Whatever. We live in a meaningless world. Any attempt to ground meaning or morality in anything other than individual whim is doomed to failure.
May's book strikes a middle ground, which makes sense to me. Intuitively, I'm not attracted either to religious absolutism or existential nihilism. And it seems that most reasonable people I know feel the same way.
We just find it difficult to express what that middle ground might be. Which is understandable.
May, a professional philosopher, takes an entire book to do this, and I suspect his conclusions are based on a heck of a lot of personal pondering and interpersonal discussions with friends, colleagues, and many others.
In this post, and likely a few succeeding ones, I'll share my understanding of May's view that a meaningful life is one where "subjective attraction meets objective attractiveness." It is pretty easy to grasp the subjective part; the trick is how objective attractiveness is possible without positing a god or cosmic force that grounds this.
The beliefs and values arise from a community of human beings. Where else could they come from, if the universe is silent and there is no god? May then asks a great question:
But here someone might ask, what justifies the web itself? If we accept or reject certain values based on the web of beliefs a community holds, how do we know the web itself is right? It may be that values aren't arbitrary because they must be justified within the network of other values and practices. But couldn't the entire thing be arbitrary? And if it is, doesn't that, by extension, make each of the values in it arbitrary?
The worry here is that our web of values, founded in our practices, is somehow floating in space. It is unmoored. Without beliefs being anchored somewhere, it could be floating anywhere: that is the arbitrariness of it. If the web is what anchors the values, but the web is unattached, then each of the values still floats free -- not from the web, but along with it.

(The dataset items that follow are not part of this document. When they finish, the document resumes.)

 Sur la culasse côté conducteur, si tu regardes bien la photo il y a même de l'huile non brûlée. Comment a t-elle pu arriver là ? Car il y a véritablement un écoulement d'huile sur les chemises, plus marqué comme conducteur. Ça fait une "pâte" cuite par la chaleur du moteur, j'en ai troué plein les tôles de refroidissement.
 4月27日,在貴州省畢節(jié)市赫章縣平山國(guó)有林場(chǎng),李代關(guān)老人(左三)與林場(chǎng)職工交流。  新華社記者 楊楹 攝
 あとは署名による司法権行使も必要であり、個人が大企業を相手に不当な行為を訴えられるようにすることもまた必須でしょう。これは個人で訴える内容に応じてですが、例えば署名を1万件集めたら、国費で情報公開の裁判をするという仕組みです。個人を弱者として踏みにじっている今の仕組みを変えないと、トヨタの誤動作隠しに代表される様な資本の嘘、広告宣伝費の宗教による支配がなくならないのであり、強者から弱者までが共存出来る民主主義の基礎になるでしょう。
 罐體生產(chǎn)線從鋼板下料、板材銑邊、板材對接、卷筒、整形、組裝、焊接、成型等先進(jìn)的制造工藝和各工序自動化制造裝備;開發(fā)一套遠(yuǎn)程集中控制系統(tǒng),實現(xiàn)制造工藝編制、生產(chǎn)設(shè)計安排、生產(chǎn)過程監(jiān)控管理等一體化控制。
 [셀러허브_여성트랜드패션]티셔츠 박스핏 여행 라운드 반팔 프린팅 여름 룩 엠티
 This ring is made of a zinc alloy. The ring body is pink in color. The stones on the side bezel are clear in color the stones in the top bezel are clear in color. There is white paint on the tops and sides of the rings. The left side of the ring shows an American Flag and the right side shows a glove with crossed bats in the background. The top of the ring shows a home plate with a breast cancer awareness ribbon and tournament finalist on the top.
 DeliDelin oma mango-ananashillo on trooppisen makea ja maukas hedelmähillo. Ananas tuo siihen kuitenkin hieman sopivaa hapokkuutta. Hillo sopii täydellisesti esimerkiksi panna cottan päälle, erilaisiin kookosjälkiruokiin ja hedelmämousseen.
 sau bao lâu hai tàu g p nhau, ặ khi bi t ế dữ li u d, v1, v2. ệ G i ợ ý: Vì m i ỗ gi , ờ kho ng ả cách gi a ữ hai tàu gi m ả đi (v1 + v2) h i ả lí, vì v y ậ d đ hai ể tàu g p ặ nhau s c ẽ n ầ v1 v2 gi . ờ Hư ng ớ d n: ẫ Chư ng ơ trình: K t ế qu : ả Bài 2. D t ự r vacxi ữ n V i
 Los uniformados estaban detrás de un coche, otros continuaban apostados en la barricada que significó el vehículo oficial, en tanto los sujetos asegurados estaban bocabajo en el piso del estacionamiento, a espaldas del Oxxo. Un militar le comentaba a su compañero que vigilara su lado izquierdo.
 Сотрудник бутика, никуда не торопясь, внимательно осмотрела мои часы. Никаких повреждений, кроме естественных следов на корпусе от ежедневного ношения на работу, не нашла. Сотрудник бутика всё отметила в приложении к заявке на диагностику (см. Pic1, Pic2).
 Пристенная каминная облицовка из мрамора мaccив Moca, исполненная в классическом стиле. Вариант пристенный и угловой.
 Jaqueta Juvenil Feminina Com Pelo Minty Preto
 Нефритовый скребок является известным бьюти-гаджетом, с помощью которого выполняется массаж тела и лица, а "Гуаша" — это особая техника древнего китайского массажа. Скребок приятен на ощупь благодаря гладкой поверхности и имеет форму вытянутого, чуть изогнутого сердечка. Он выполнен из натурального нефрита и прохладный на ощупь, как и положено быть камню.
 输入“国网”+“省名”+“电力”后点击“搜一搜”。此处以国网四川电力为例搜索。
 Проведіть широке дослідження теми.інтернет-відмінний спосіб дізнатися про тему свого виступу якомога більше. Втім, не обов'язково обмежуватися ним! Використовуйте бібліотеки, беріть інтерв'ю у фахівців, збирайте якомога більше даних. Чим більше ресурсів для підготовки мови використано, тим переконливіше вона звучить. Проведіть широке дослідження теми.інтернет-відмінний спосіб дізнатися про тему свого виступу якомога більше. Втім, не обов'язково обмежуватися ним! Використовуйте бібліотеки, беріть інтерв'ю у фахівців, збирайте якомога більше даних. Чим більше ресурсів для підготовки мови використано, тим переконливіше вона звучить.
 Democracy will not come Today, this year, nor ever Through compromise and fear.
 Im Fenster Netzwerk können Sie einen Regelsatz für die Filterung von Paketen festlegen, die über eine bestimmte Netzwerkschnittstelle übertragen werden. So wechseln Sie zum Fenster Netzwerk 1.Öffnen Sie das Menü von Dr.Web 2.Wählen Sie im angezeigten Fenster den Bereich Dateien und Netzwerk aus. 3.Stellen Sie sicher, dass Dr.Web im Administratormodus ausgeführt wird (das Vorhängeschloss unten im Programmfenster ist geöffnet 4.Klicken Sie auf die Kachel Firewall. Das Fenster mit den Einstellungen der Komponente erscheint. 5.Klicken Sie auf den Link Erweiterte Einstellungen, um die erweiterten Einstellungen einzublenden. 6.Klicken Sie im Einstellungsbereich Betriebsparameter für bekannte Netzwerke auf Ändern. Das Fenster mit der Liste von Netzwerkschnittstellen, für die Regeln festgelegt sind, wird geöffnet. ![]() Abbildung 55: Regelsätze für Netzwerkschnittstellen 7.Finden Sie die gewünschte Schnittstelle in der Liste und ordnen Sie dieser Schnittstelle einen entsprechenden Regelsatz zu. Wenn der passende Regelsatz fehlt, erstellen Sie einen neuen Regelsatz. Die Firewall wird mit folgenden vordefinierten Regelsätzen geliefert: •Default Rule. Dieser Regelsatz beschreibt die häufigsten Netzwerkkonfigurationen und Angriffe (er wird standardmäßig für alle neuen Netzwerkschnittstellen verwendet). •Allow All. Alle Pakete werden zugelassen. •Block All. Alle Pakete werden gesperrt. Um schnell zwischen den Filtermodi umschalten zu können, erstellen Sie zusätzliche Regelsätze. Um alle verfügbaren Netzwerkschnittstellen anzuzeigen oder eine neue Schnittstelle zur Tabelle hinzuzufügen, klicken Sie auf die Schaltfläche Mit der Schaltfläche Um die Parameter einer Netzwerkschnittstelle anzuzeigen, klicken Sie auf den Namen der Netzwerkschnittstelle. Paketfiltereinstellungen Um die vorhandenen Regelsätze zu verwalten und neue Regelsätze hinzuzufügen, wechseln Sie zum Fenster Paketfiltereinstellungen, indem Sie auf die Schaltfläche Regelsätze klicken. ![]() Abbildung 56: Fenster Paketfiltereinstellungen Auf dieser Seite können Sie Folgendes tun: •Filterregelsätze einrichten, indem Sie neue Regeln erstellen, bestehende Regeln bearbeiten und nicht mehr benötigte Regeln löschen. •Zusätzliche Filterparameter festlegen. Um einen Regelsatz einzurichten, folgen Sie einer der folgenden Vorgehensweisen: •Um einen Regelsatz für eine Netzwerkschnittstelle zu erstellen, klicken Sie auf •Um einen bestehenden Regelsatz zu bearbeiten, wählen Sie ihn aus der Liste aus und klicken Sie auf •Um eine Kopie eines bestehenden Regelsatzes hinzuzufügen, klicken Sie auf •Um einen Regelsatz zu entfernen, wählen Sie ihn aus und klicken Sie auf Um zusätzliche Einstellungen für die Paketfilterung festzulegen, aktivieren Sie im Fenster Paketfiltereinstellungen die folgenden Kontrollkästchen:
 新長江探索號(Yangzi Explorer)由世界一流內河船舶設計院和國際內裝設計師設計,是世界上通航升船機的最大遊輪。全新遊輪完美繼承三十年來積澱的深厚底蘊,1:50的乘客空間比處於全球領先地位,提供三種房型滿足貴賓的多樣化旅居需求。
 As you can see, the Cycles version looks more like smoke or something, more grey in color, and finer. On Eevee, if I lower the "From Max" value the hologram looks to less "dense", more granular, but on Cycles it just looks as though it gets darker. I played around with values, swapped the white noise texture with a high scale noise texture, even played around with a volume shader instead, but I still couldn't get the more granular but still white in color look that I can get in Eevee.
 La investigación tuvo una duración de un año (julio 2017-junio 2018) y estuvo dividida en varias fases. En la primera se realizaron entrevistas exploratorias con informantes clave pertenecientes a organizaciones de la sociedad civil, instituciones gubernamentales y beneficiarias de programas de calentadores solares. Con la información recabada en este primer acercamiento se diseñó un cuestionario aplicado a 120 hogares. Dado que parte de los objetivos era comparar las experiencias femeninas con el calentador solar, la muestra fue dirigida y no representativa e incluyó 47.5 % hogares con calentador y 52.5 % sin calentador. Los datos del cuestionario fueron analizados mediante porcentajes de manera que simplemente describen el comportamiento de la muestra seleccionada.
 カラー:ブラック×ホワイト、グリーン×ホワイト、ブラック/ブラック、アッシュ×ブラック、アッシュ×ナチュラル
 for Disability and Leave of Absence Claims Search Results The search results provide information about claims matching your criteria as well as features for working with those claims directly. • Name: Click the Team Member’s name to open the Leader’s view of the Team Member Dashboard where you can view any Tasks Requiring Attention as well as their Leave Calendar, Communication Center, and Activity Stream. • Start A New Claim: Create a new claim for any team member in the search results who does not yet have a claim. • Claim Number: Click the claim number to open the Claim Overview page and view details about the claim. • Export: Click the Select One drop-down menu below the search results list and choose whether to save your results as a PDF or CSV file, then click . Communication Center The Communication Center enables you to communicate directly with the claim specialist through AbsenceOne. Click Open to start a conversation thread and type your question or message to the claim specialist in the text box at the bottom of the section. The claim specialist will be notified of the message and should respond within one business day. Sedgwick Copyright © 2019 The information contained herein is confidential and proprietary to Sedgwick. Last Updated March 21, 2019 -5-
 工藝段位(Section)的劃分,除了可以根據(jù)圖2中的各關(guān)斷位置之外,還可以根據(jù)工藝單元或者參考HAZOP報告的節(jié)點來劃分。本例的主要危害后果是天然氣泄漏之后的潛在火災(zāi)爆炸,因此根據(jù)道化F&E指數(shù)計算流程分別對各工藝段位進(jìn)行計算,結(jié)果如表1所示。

I loved May's next sentence.
The short response to this worry is this: nothing justifies the web.
Along with what he said after that.
We have arrived at the point where justification comes to an end. In fact, we have arrived at the point where justification must come to an end. We cannot justify the web, the whole, itself. The reason for this is that all justification, all giving of reasons for what one believes, happens inside the web. This is true not only for values but for all of our beliefs.
...The attempt to step outside our current web of beliefs, values, and the practices in which they arise in order to justify the whole is an impossible task. After all, what would even count as a justification for an empirical claim or a value if we need to lay aside everything else we believe? In a case like that, it would be the claim or value itself that would be floating free, unanchored to anything else.
This is freaking brilliant philosophizing. Clear, logical, persuasive. Unless, I guess, one is either a dogmatic religious believer or a whatever nihilist.
Soon after, May quotes the philosopher Ludwig Wittgenstein: "If I have exhausted the justifications, I have reached bedrock and my spade is turned. Then I am inclined to say: 'This is simply what I do.'"
May's next words are my favorite in the entire book. I can't resist quoting them in their entirety.
The image is a striking one, and it is famous in contemporary philosophy. My only quibble with it is that the reference to bedrock suggests that there is hard ground beneath the soil of our practices.
But there isn't, as the last line of the citation reminds us. The reason we cannot dig any deeper is that there is no more soil left. This is not because we have hit something sturdy that resists our spade. It is only because we have run out of soil. What is left is not granite or marble; it is nothing.
This is simply what we do.
The web of values and beliefs and the practices in which they arise are all we have to ground objectivity. Any one of us could be wrong, and we could all be wrong -- although we cannot say why this might be, since that would refer us back to our own practices, beliefs, and justifications.
It is perhaps possible that far in the future a generation of posthuman types will look back upon us and ask, "What were they thinking" Of course, they will do that from their own lights, as we do from ours. And, of course, we cannot imagine what it would be like to be those posthuman types, since we would have to do it from our perspective.
All we can say is that we cannot in advance rule out the possibility of it happening.
Our web of practices, with their beliefs and values, does not rest on a ground assured by the universe. As with meaningfulness, the universe is silent on this matter. But neither do the beliefs and values in that web arise simply according to individual or collective whim.
When we seek to justify our narrative values (or anything else) to ourselves, we are in a realm which is neither arbitrary nor ultimately assured, but somewhere in between.
For some, this might not be enough. And to them, as I have said, I have nothing to offer by way of consolation. But for the rest of us, although this may not be all the objectivity we would like, perhaps it is all the objectivity we need.